In the Bridging Model workshops we began the process by selecting three of our bridges as the focus of our engagement exercise. We wanted three that dealt with the following:
Bridge One: a bridge involving commonly accepted goods or services, such as the mundane ones stated previously-food, shelter, health care, environmental protection, disaster relief.
Bridge Two: a bridge addressing individual value, worth and acceptance such as racial and sexual equality, equal opportunities for individual achievement, access to non-segregated housing, education and finance.
Bridge Three: a bridge dealing with the most controversial and politicalized goods, services, conditions generally stated as rights—voting rights, freedom of choice rights, abortion/birth control rights, gun ownership rights.
Each of these bridges involves quite different approaches to connection and engagement. Each must be addressed in quite different forms of institutions, laws, regulations. Each face quite different challenges regarding political and social supporters and opponents, established power groups and power brokers and entrenched interests.

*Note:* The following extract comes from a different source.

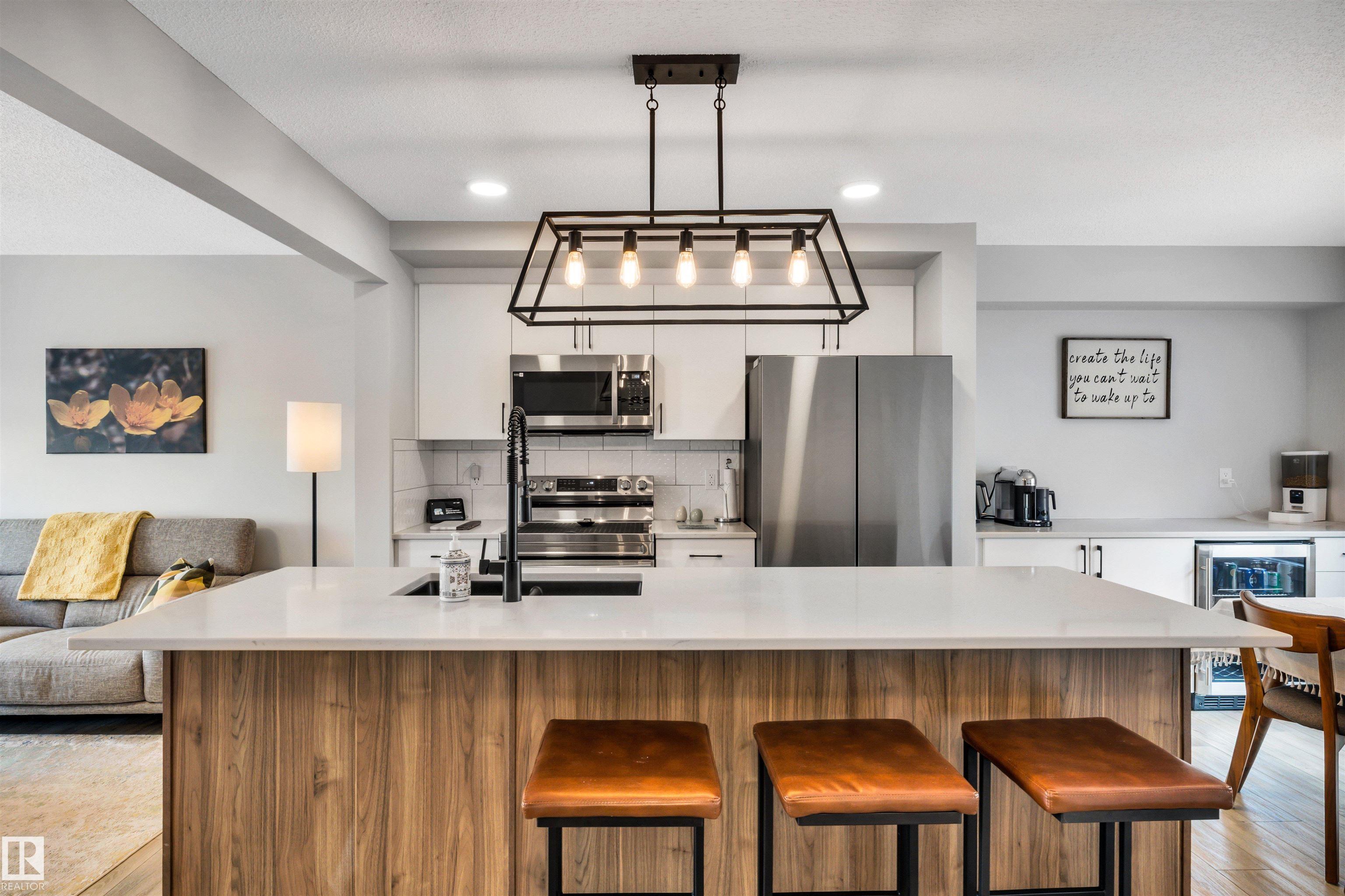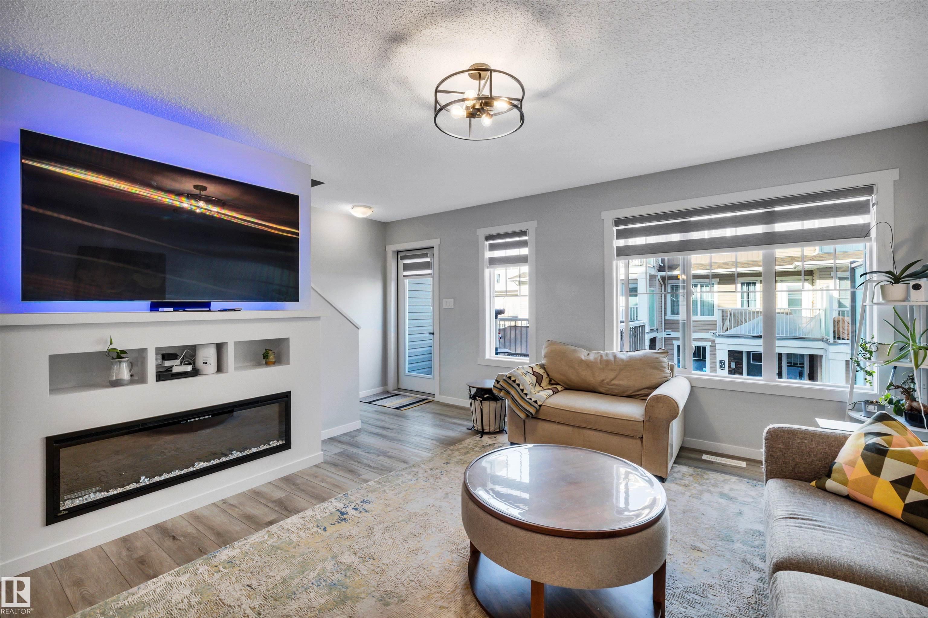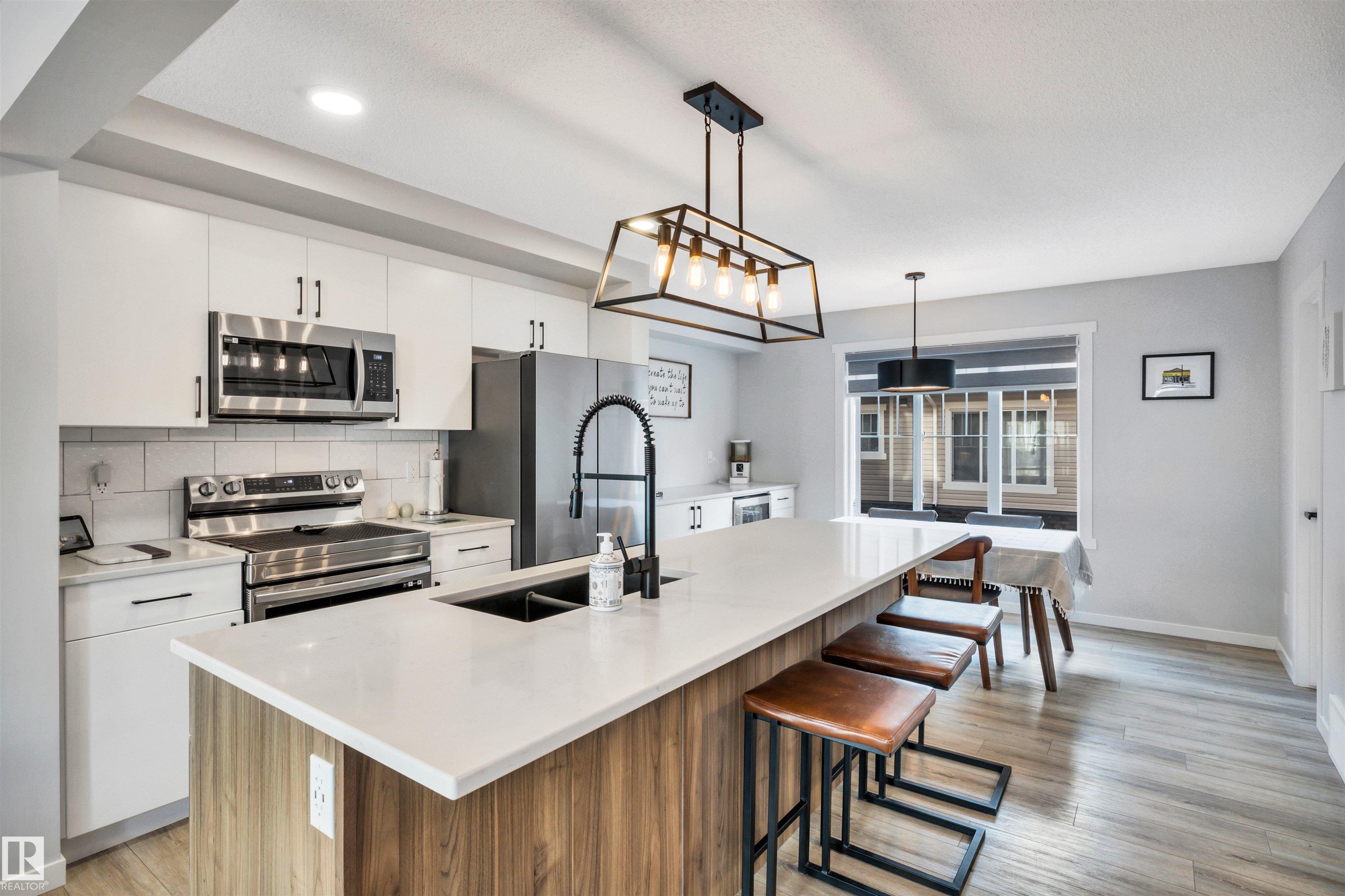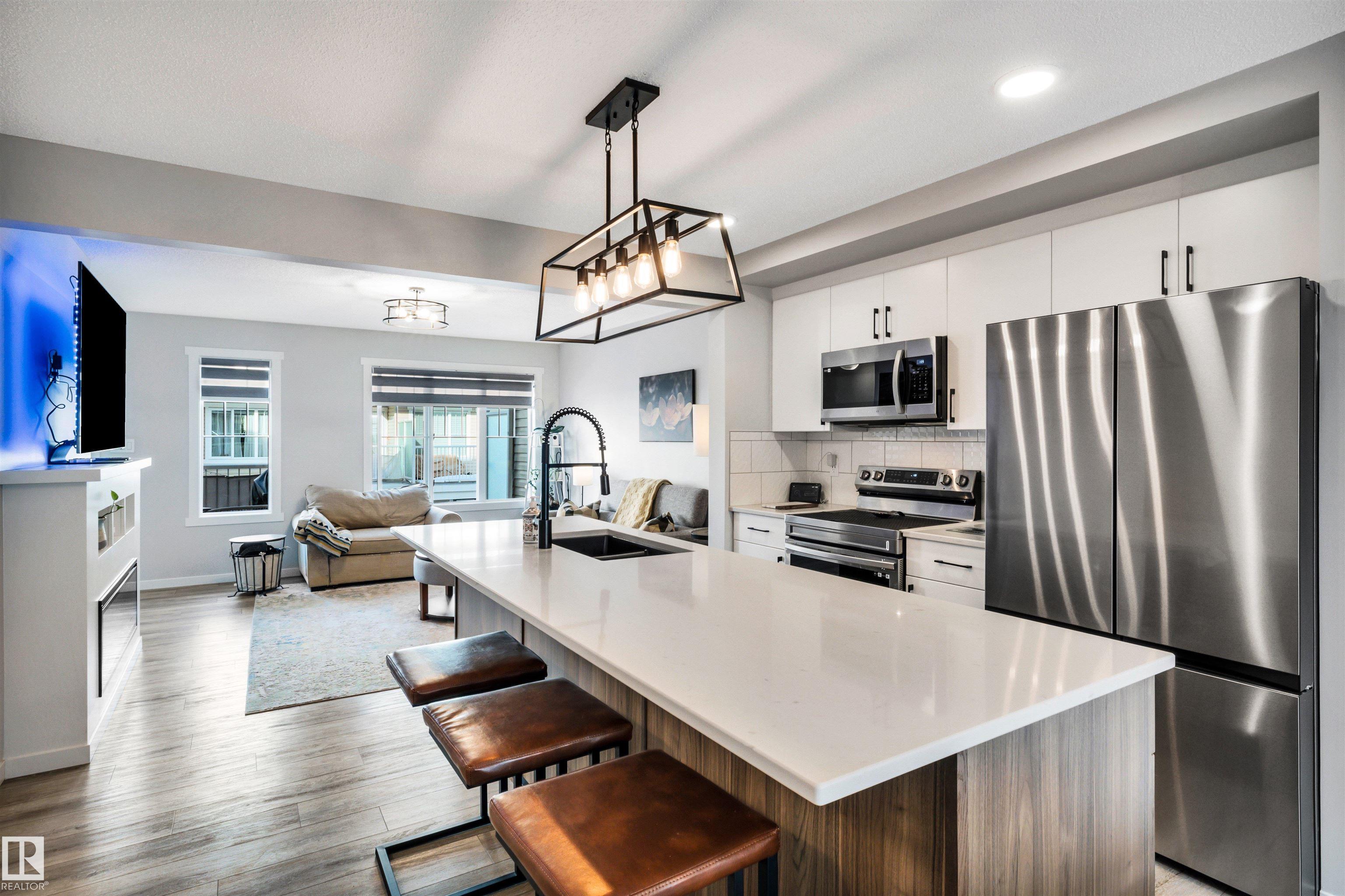 Modern 1408 sq. ft. 3 storey townhouse is in immaculate condition! The owners carefully planned every upgrade to maximize comfort, quality and long-term enjoyment. No carpet here, vinyl plank flooring throughout! Stunning kitchen with upgraded quartz countertops, soft close drawers & cabinets and upgraded stainless steel appliances. The dining room has a built-in coffee bar plus a mini fridge and a walk-in pantry. The living room has an electric fireplace and large windows. Balcony off the living room is perfect to BBQ or enjoy your morning coffee. There are 2 primary bedrooms on the 3rd floor, each with their own walk-in closet and ensuite featuring granite counters, heated towel racks and LED lit mirrors! Zebra blinds throughout the unit. A main floor flex room and access to the double attached garage complete this home. Central A/C and vacuum. Quiet location with shopping, walking trails and a pond nearby.

We divided our workshop participants into three groups and gave each group one of the bridges. The assignment was for each group to attempt to identify the historical legacy dealing with their specific bridge, the existing institutions and laws and regulations addressing their bridge, the power brokers and the entrenched interests controlling that bridge, the major activist groups seeking change.
We then moved to the challenge of engaging for social change. That involved several action steps.
Action Step One: Establish a base for engagement in the community. That base might be an existing institution. Or it might require building a new institution.
Action Step Two: Clearly identify a given cause or objective. Target our efforts to bring about change. Not a generalized goal such as reducing racism or ameliorating white supremacy. What specific bridge will best attain such outcomes?
Action Step Three: Clearly identify the target groups you want to engage. That target group might be a minority group of color, a troubled youth group, a senior citizens group, a women’s abortion rights group.
Action Step Four: Identify the major institutions that relate to the given cause. It is through the institutions engaged in a given bridge that change will hopefully occur. Or it might require establishing a new institution.
Action Step Five: Identify respected leaders in those institutions who are willing to engage for change. Given our polarized world, this is very important. In testing our bridging model we found that the directors and staff of the institutions we wanted to engage frequently were very conservative in engaging beyond their given mandates. As they put it: “We don’t want to put our jobs or careers at risk.” We had to identify members of their boards and prominent community leaders who were willing to step up to the cause and lead the charge. Those community leaders might well be social activists or prominent ministers.
Building bridges to save our democracy is a tough and challenging undertaking.